* _Exercise directions_: Reproduce exactly, with no pictures, each line from the opening of the material down through the line containing "Knitted trousers for".
----
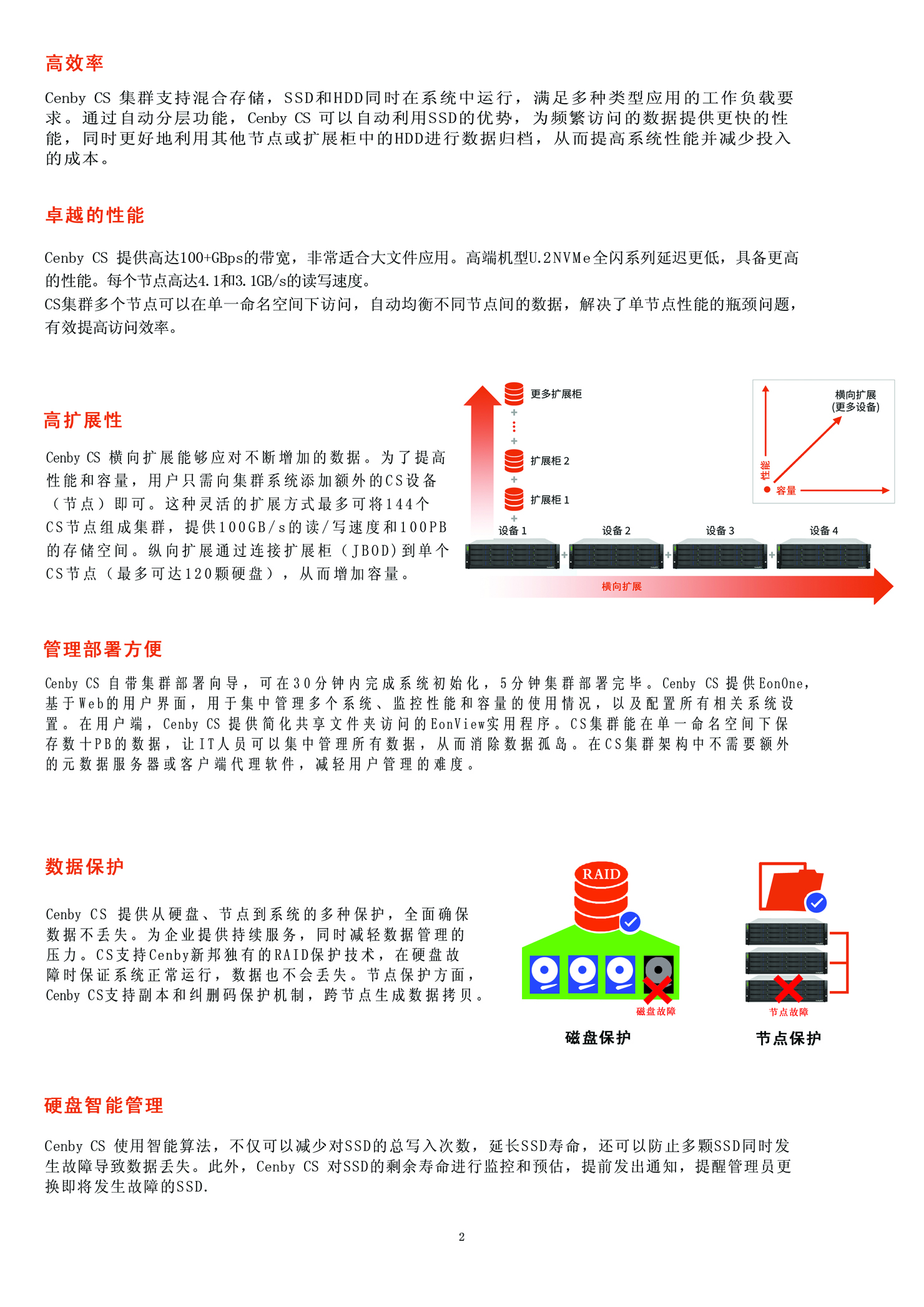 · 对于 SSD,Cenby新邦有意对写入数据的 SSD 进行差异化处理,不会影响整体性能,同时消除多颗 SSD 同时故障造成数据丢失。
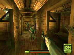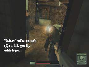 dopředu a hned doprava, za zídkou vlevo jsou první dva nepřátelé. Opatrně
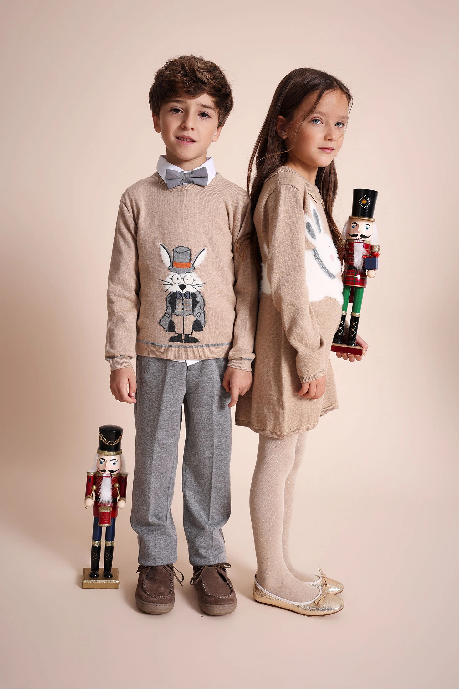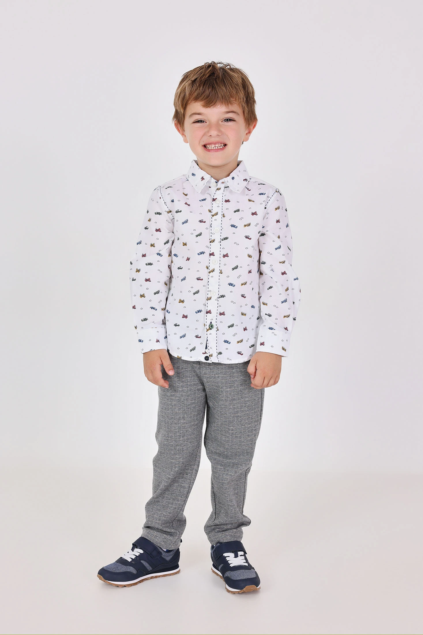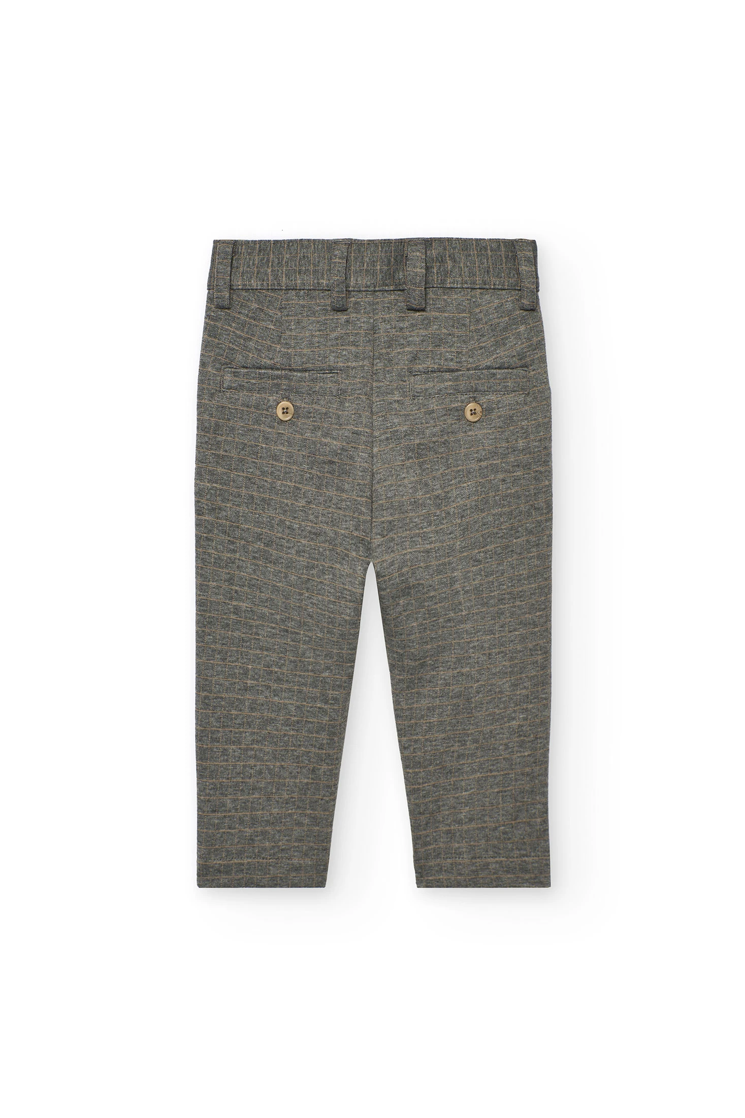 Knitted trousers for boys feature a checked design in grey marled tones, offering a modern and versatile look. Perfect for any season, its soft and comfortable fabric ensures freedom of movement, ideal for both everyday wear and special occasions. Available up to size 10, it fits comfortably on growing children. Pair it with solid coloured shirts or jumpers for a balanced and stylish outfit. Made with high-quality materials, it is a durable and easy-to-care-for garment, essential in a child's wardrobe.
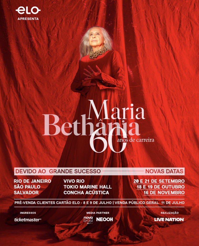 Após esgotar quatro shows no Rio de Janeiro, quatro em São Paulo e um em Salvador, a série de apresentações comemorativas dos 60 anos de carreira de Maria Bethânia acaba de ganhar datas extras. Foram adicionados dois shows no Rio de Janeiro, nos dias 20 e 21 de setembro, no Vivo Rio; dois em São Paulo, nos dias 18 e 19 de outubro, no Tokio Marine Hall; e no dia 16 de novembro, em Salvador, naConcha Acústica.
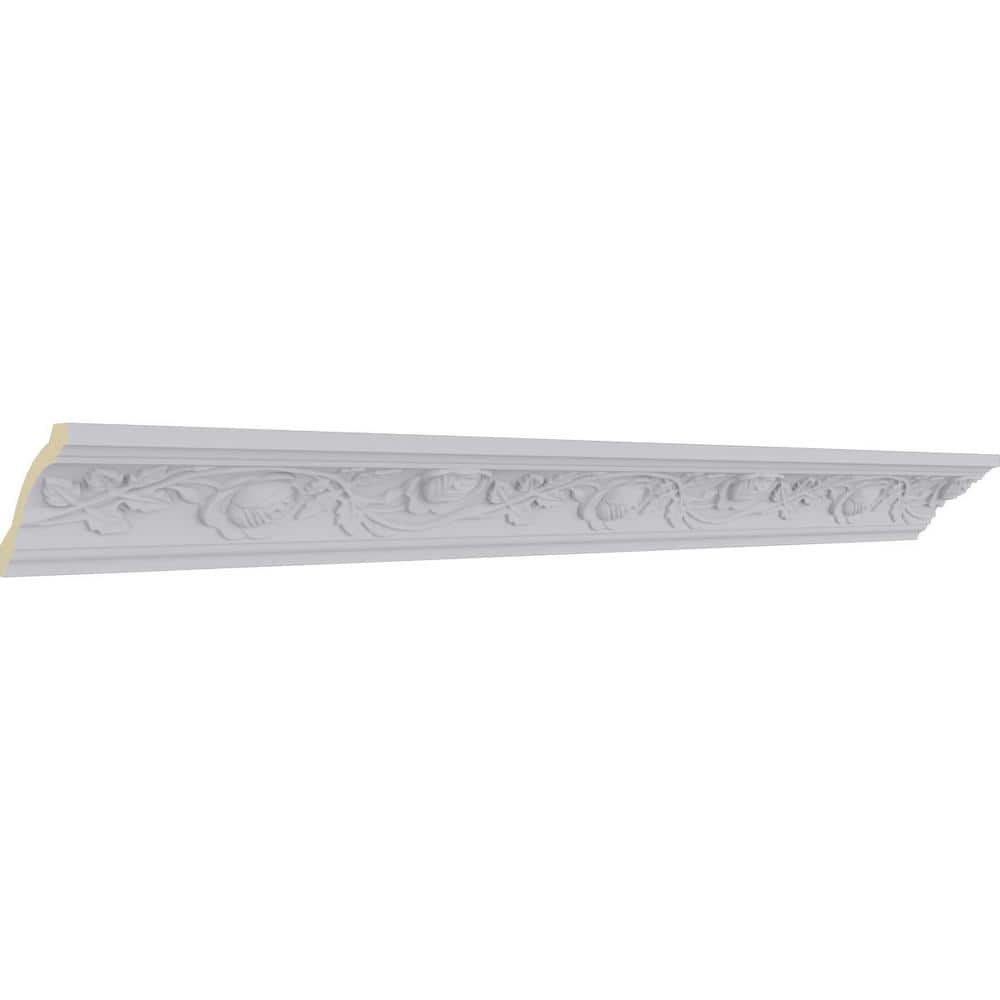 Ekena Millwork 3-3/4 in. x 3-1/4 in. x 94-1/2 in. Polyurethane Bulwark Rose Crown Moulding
----
* _Your response_:
 · 对于 SSD,Cenby新邦有意对写入数据的 SSD 进行差异化处理,不会影响整体性能,同时消除多颗 SSD 同时故障造成数据丢失。
 dopředu a hned doprava, za zídkou vlevo jsou první dva nepřátelé. Opatrně
 Knitted trousers for boys feature a checked design in grey marled tones, offering a modern and versatile look. Perfect for any season, its soft and comfortable fabric ensures freedom of movement, ideal for both everyday wear and special occasions. Available up to size 10, it fits comfortably on growing children. Pair it with solid coloured shirts or jumpers for a balanced and stylish outfit. Made with high-quality materials, it is a durable and easy-to-care-for garment, essential in a child's wardrobe.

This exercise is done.